La nature et l’homme sont donc en tête-à-tête. Dieu n’est-il plus, alors, que l’horizon lointain de cette relation intime, le bruit de fond de la symphonie ? Ce serait oublier le rôle de révélation du « sublime », telle la wilderness au cœur de l’environnementalisme américain qui a pu y voir le symbole de la présence de Dieu sur terre. Alain Cugno se fait d’abord kantien pour examiner la question, mais s’il s’avance un moment vers le sublime, c’est pour se retourner vers le beau, plus ordinaire, qui semble davantage renvoyer à l’absence de Dieu qu’à sa présence. L’apparaître des choses naturelles, leur monstration gratuite séparée de l’acte de création, leur donnent la valeur d’une œuvre d’art ; leur caractère « sacré » ne vient pas tant du fait qu’elles rappellent d’où elles viennent que du fait qu’elles sont, indépendamment de cet acte.

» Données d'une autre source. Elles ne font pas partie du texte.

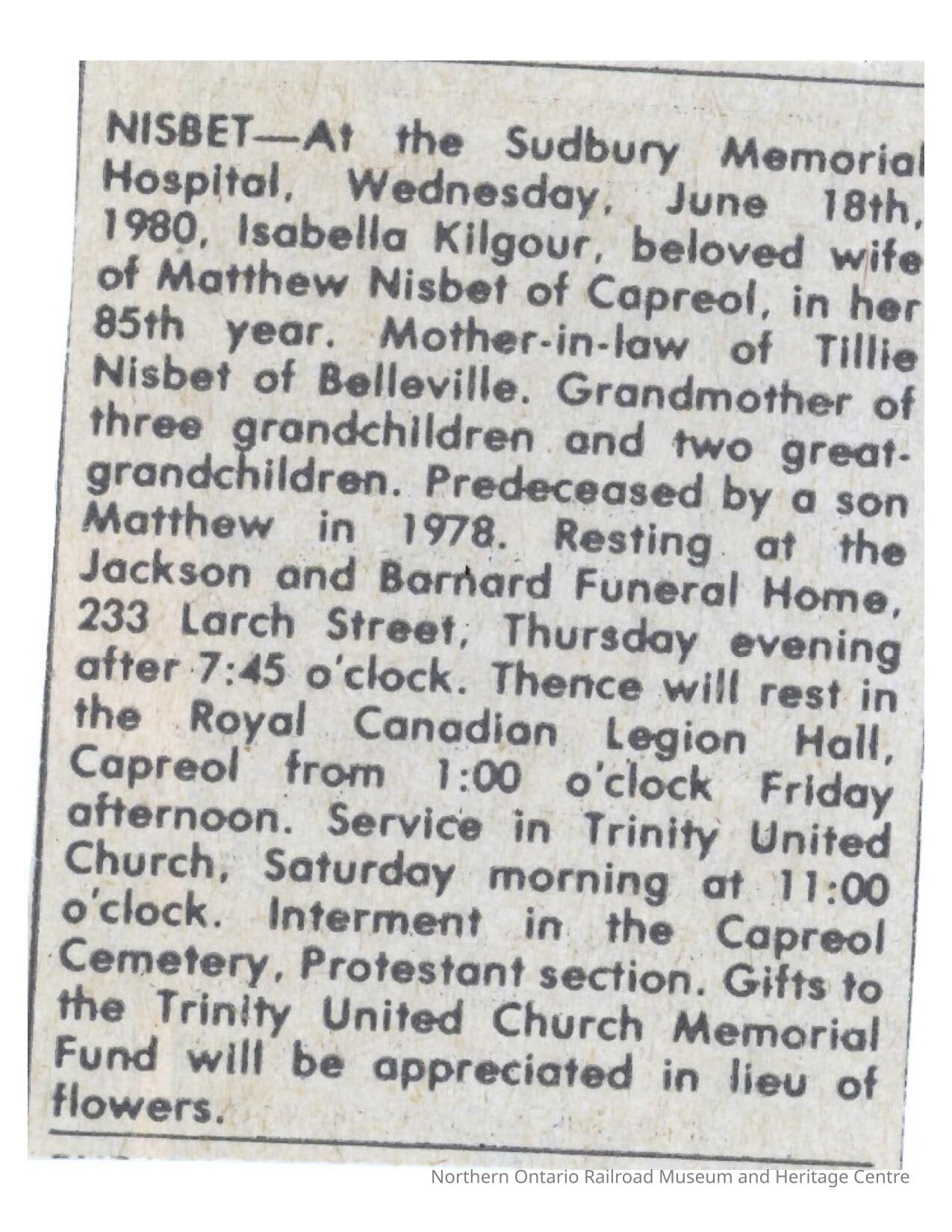 Document, Obituary, Isabella Kilgour Nisbet.Collection

Et par gratitude, nous devons les dire, redoubler l’esprit par le langage. « Nous n’avons rien d’autre à nous dire que le monde. » Cette idée du caractère sacré de ce qui est, indépendamment de la façon dont il est advenu à l’être et de la manière dont il est, nous la retrouverons sous la plume d’Émilie Hache ou de Roger Gottlieb : c’est l’intuition que l’absolue gratuité de ce qui se donne « sans donateur » doit être protégée contre ce qui le profane, c’est-à-dire le réduit à sa réalité matérielle, transformable,

8. B. Charbonneau, « Le sentiment de nature, force révolutionnaire », juin 1937. Texte non publié, cité par S. Lavignotte dans le présent ouvrage.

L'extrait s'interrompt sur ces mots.